Blues Exhibit at Central Library



Edison Cylinder Player circa 1886.
Edison cylinder No.18 from The Cabinet Factory

Two examples of cylinder rolls
“Beautiful Beckoning Hands” – Edison Mixed Quartet
“Pickaninny Blues” 1888 – The Crescent Trio

Victor Record Player. circa 1912
Victor Talking Machine 78 rpm table model with shellac record



James “Guitar Slim” Stephens (d.1989) was born on March 10, 1915, near Spartanburg, South Carolina. He began playing pump organ when he was only five years old, singing spirituals he learned from his parents and reels he heard his older brother pick on the banjo. Slim was so small that his feet would not reach the organ pedals, so he had one of his brothers do the pumping while he practiced the keys.
Within a few years, Slim was playing piano. When he was 13, he began picking guitar, playing songs he heard at local "fling-dings," house parties, and churches. A few years later, he joined the John Henry Davis Medicine Show, playing music to draw crowds to hear the show master's pitch; this took him throughout the southeastern Piedmont. It seems as if traveling was in Slim’s blood from that point on; in the next 20 or so years, he moved throughout the eastern United States, living in such cities as Richmond, Durham, Louisville, Nashville, and Waterbury, Connecticut.
In 1953 he arrived in Greensboro, where he lived for the remainder of his life playing both guitar and piano -- singing the blues at house parties and spirituals at church. His first LP, "Greensboro Rounder," (seen here) was issued in 1979 by the British Flyright label.

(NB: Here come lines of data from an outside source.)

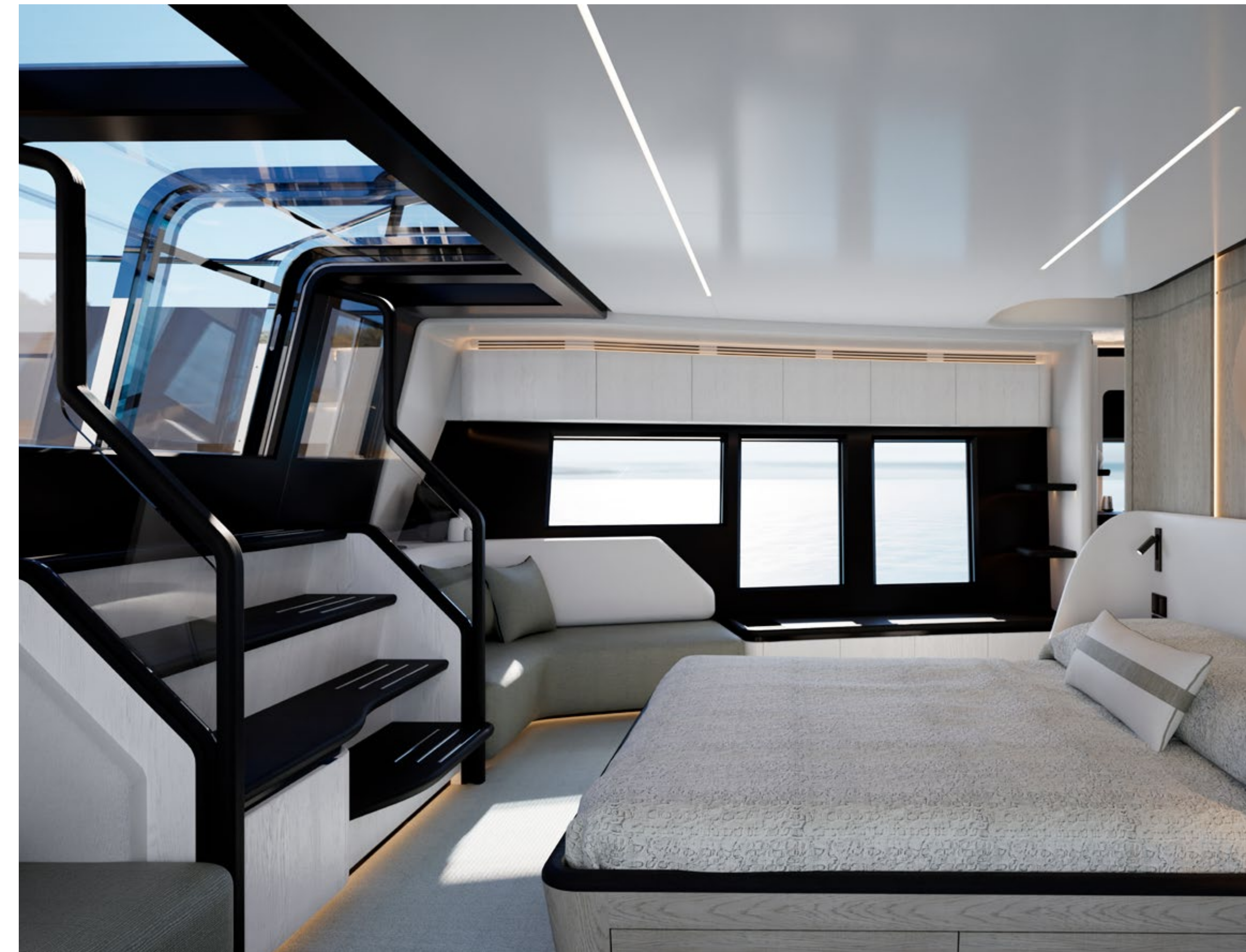
MAIN DECK MASTER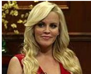
Jenny McCarthy Bares All Ora.TV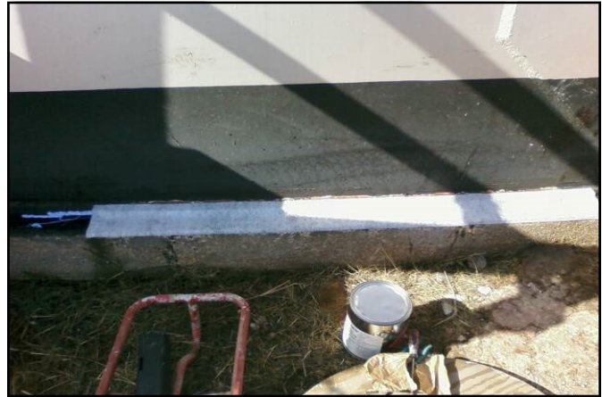
VISUAL OF FINISHED PRODUCT

installation. The process is very basic; clean the area to be treated as best as is possible (power wash, hand or power tools), dry the area (via time or temperature), inject the gel into all crevice areas, prime the metal and concrete surface and install a weather barrier for protection.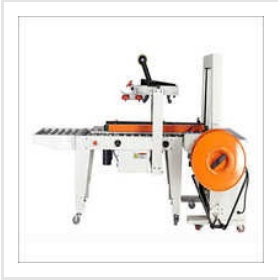
M3-6 Combo Strapping With Sealer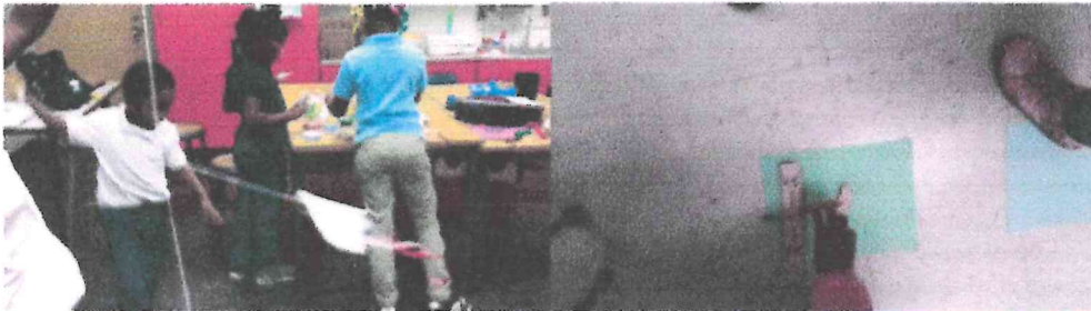
November 3 System Staff In-Service Day, Mandated Reporter Training.

New Fax machine, also does Wi-Fi printing.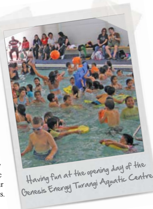
Having fun at the opening day of the Genesis Energy Turangi Aquatic Centre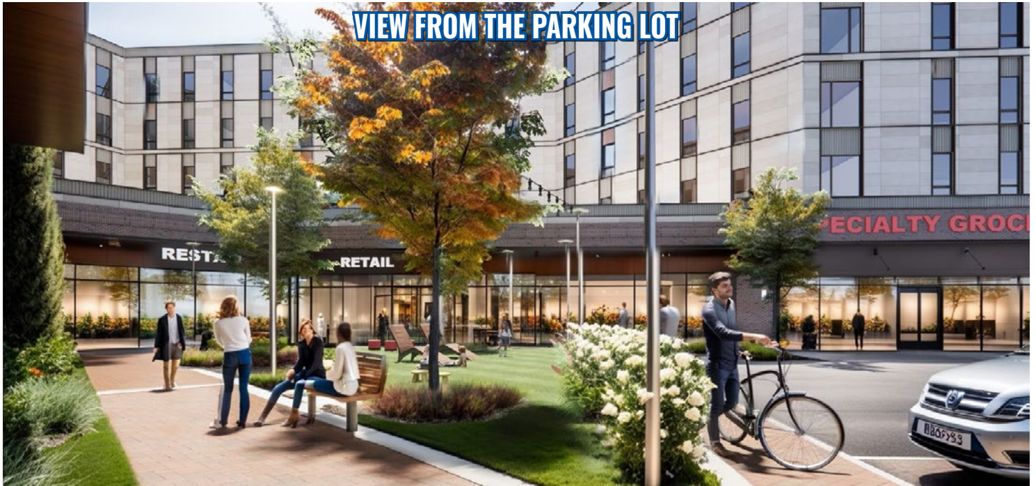
VIEW FROM THE PARKING LOT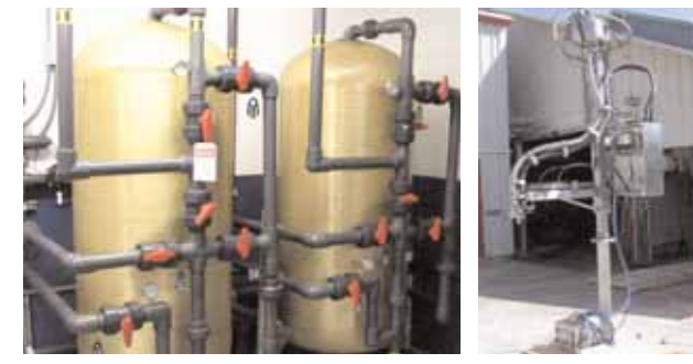
2001 Reverse Osmisis/Ultra Filtration System Above Right: Reynolds Liquid Nitrogen Dosing System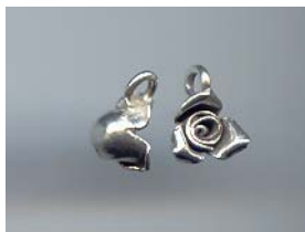
NS 183 1 gr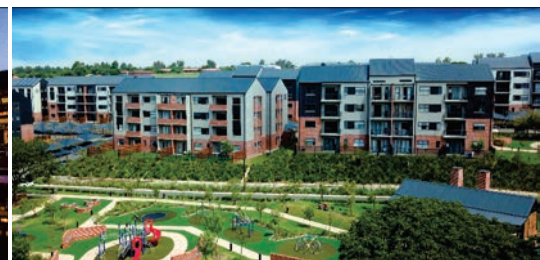
The Parks, Riversands

For more information on any of these developments, contact us on 0800 736825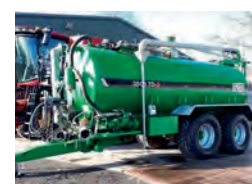
2017 HiSpec 3500 gallon TD-S Slurry Tanker, topfill, internal agitator, hyd drive pump £36,750 BG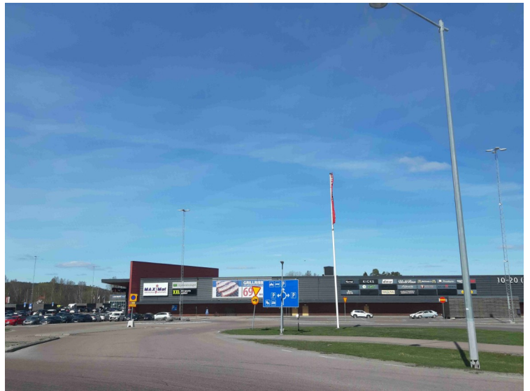
We are going to Charlottenbergs Shoppingcenter . It was built by Olav Thon in 2005-2006. The center has over 50 shops and restaurants.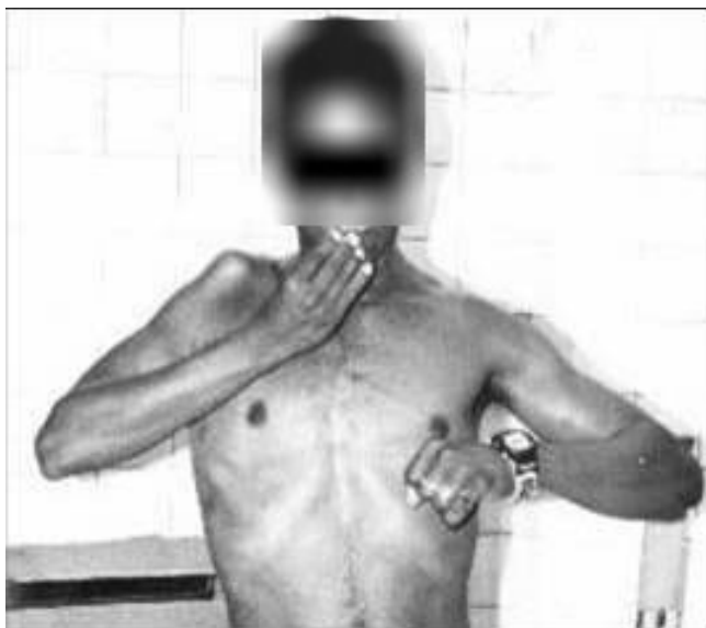
Figure 3 Case 7, after flexorplasty of the right elbow and arthrodesis on the right shoulder. Active elbow flexion to 135 degrees (Very good result) allows positioning of the hand to the head and face for independent self-care.

no wound infections or and no losses of fixation of the transfer.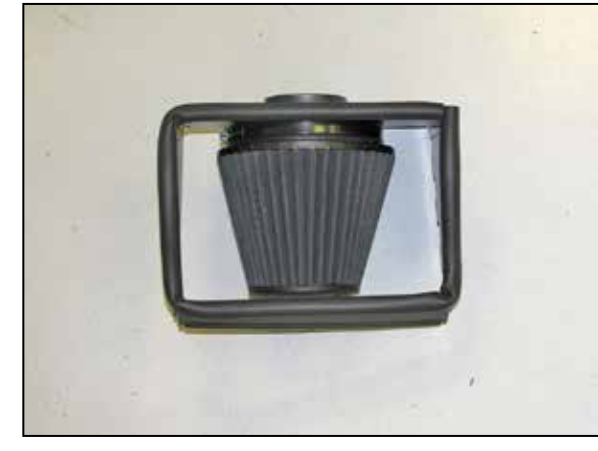
10. Install the air filter onto the filter adapter and secure with the provided hose clamp.

NOTE: It will be necessary to trim the edge trim.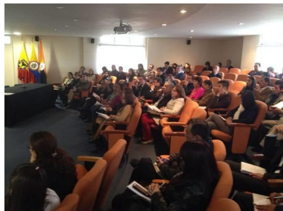
Around 60 people attending the workshop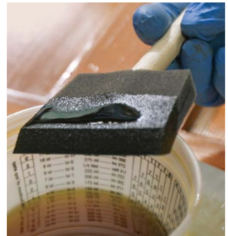
Charge the foam. After wetting the foam brush with mineral spirits, dunk it several times into the varnish, letting the finish soak into the foam between each dunk. This loads the foam with finish for a better application.

For applying varnish, I use an artist's brush for the detail work and switch to a disposable foam brush for the panels, rails, and stiles. For some, the idea of using a cheap foam brush flies in the face of the well-established belief that if you want a good brush, you have to spend good money. That's not always true. If it's a good foam brush (one where the tang extends close to the tip of the foam for full support), you can lay an even, bubble-free coat of finish that rivals any produced by an expensive brush, and you can save yourself the cleaning and waste solvent involved in the latter. If you use satin or semigloss varnish, stir it every few minutes while working so that the flatteners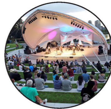
Performance & Arts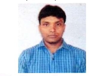
Bixarch Estate Bangal

The Controller of Examinations NETAJI SUBHAS OPEN UNIVERSITY 134/1, Meghnad Saha Sarani Kolkata - 700 029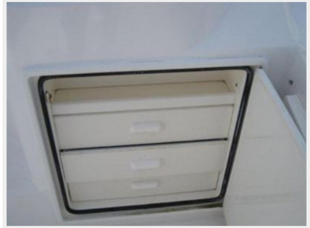
Fishing Equipment 3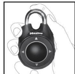
into the lock and squeeze firmly.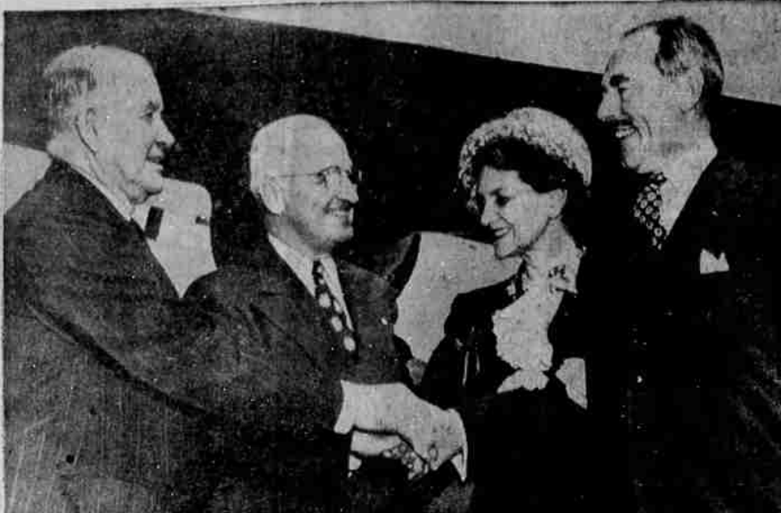
ACHESON RETURNS FROM BIG FOUR MEET —Secretary of State Dean Acheson and his wife, (right), returning from the Big Four Foreign Ministers meeting in Paris, are greeted by President Truman and Vice President Alben Barkley on the arrival at National Airport in Washington.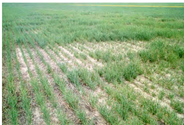
Figure 12. Rhizoctonia root rot (bare patch) of wheat.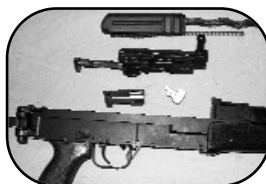
Illustration # 10

The Century VZ2008 rifle disassembled into its major components for routine cleaning and maintenance.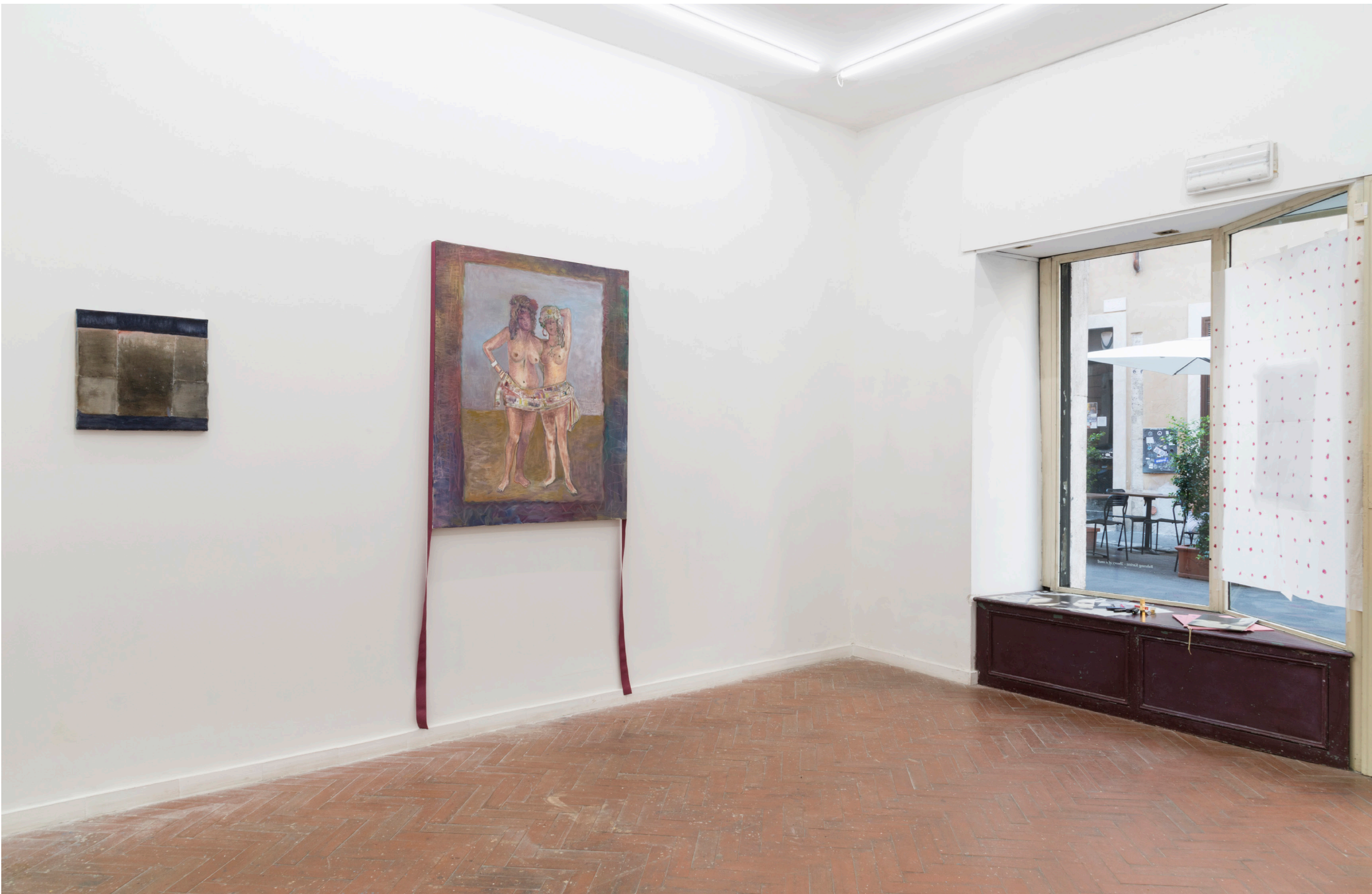
Behrang Karimi, Theory of a smell, 2024, exhibition view, Ermenegildo Zegna, Rome, IT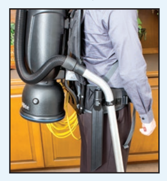
"Hands Free" system allows storing of the tools, including the wand, right on the belt for user convenience.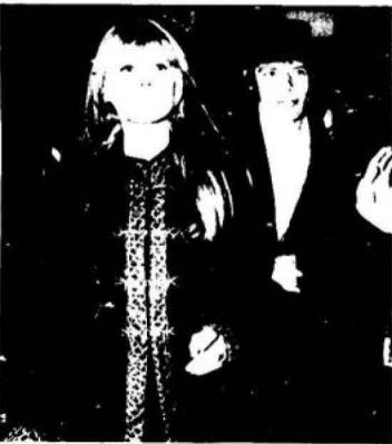
• Marianne Faithfull and Mick Jagger

The Procol Harum are currently touring, they played at Opera House in January they have a new single and a new album.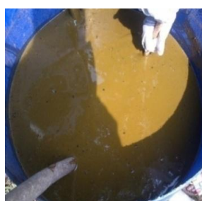
Fig 3. Cow dung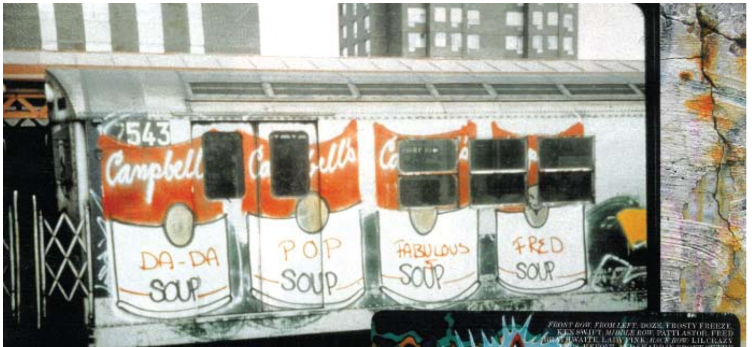
CAMPBELL'S SOUP TRAIN BY FRED BEATHWAITE IN NEW YORK, 1981.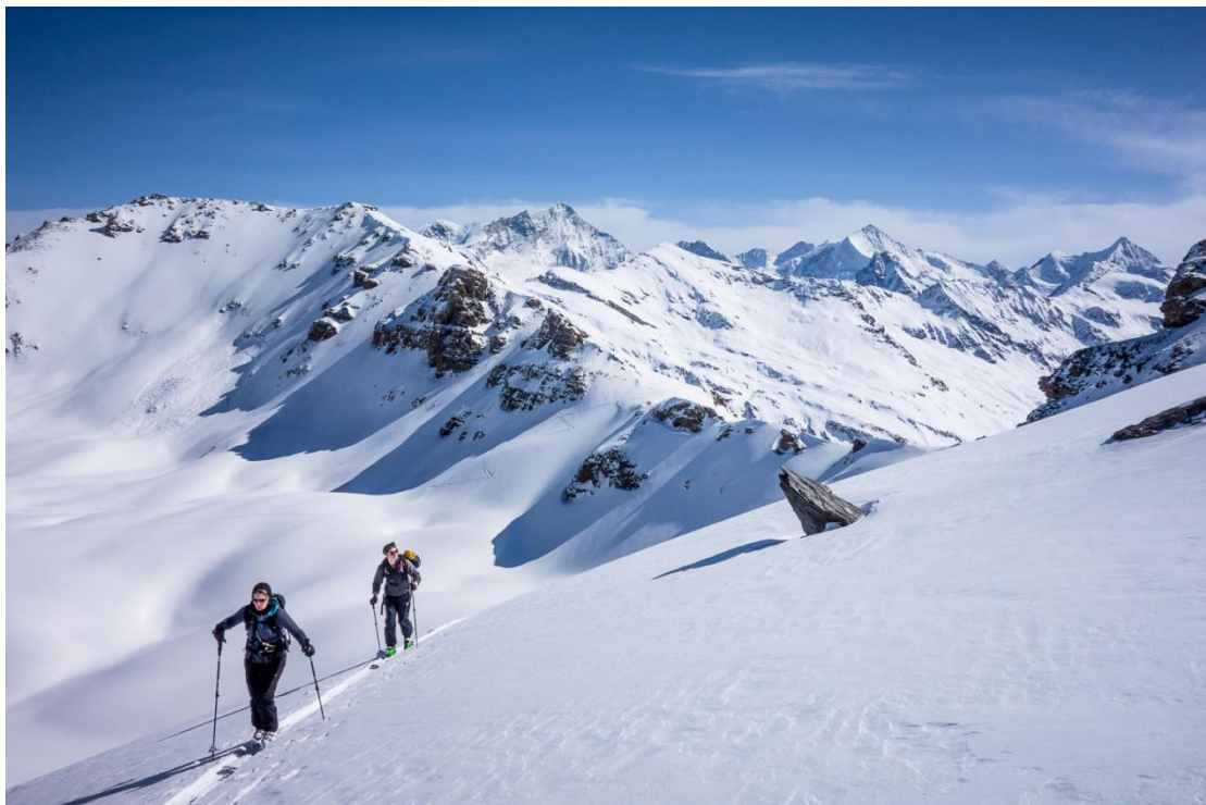
Nearing the top of a long climb

Our last day was with Graham again and was a superb way to finish the week, this time heading up to the Becs de Bosson hut then heading over towards the Moiry dam from the other side. There was a long climb involved but the payoff was more perfect powder with spectacular views of the Moiry glacier behind.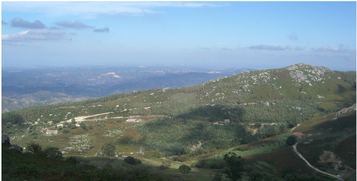
Panorama near the top at Foia

Monchique mountains. There are a lot of good view points on the way to the top where you get a good panorama of the whole area in the direction of the sea. It was a little bit hazy when we took this picture so you can't really see the sea very clearly. The photo is taken on the road to Foja. Apparently this is the best place for a panorama of the Algarve. We drive through Monchique and up the mountain to Fóia. A magnificent route and along the way the most beautiful panoramas. The clouds have disappeared by now and we have very nice views as can be seen on the next photo.

Okeh (4169) 78 rpm. Recorded Tuesday, August 10, 1920
Okeh label advertising promo for some of Mamie Smith’s earlier recordings.
Original sheet music for Crazy Blues by Mamie Smith and Her Jazzhounds
This #4169 Okeh 78 rpm record is generally acknowledged as the first commercial blues recording. Mamie Smith and Her Jazzhounds With The Crazy Blues, recorded on Tuesday, August 10, 1920 in New York City. The flip side is "It’s Right Here For You (If You Don’t Get It ‘Taint No Fault O’ Mine"
Also displayed is the original Okeh advertising and sheet music.